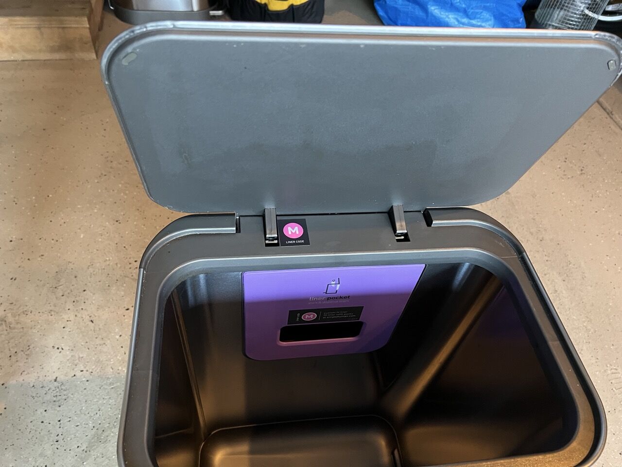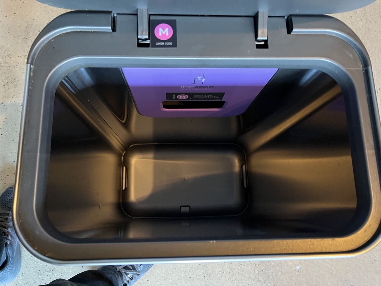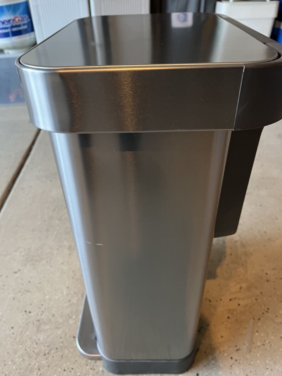 VenmoAll Stainless Steel including the lid, Good condition with no dents. Built-in liner storage keeps extra bags neatly tucked inside. There are a some light white scuff marks on the exterior that may be removable with cleaning, but they don’t affect function. Opens and closes smoothly and works as it should.
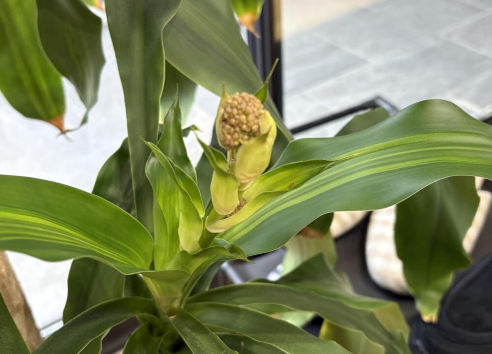 実はドラセナの開花は非常に珍しく、数年〜数十年に一度と言われていて、
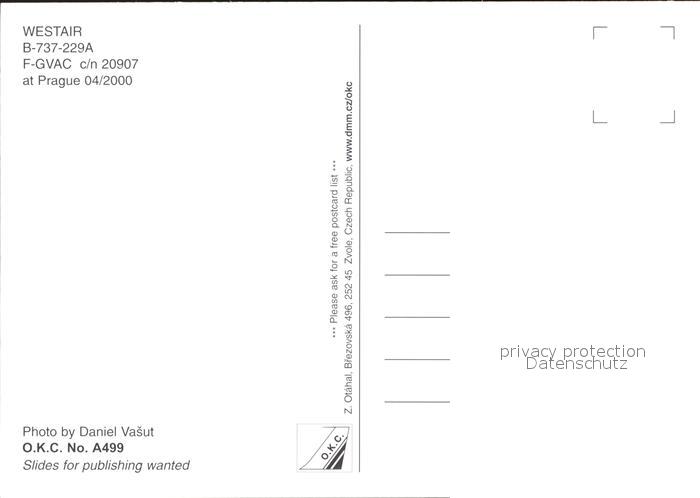 Flugzeuge zivil Westair B-737-229A F-GVAC c/n 20907 Prag postalisch nicht gelaufen Erhaltung siehe scans

> YOUR GOAL
In your copy, leave out the pictures and reproduce the material above exactly.

> REPLY
 VenmoAll Stainless Steel including the lid, Good condition with no dents. Built-in liner storage keeps extra bags neatly tucked inside. There are a some light white scuff marks on the exterior that may be removable with cleaning, but they don’t affect function. Opens and closes smoothly and works as it should.
 実はドラセナの開花は非常に珍しく、数年〜数十年に一度と言われていて、
 Flugzeuge zivil Westair B-737-229A F-GVAC c/n 20907 Prag postalisch nicht gelaufen Erhaltung siehe scans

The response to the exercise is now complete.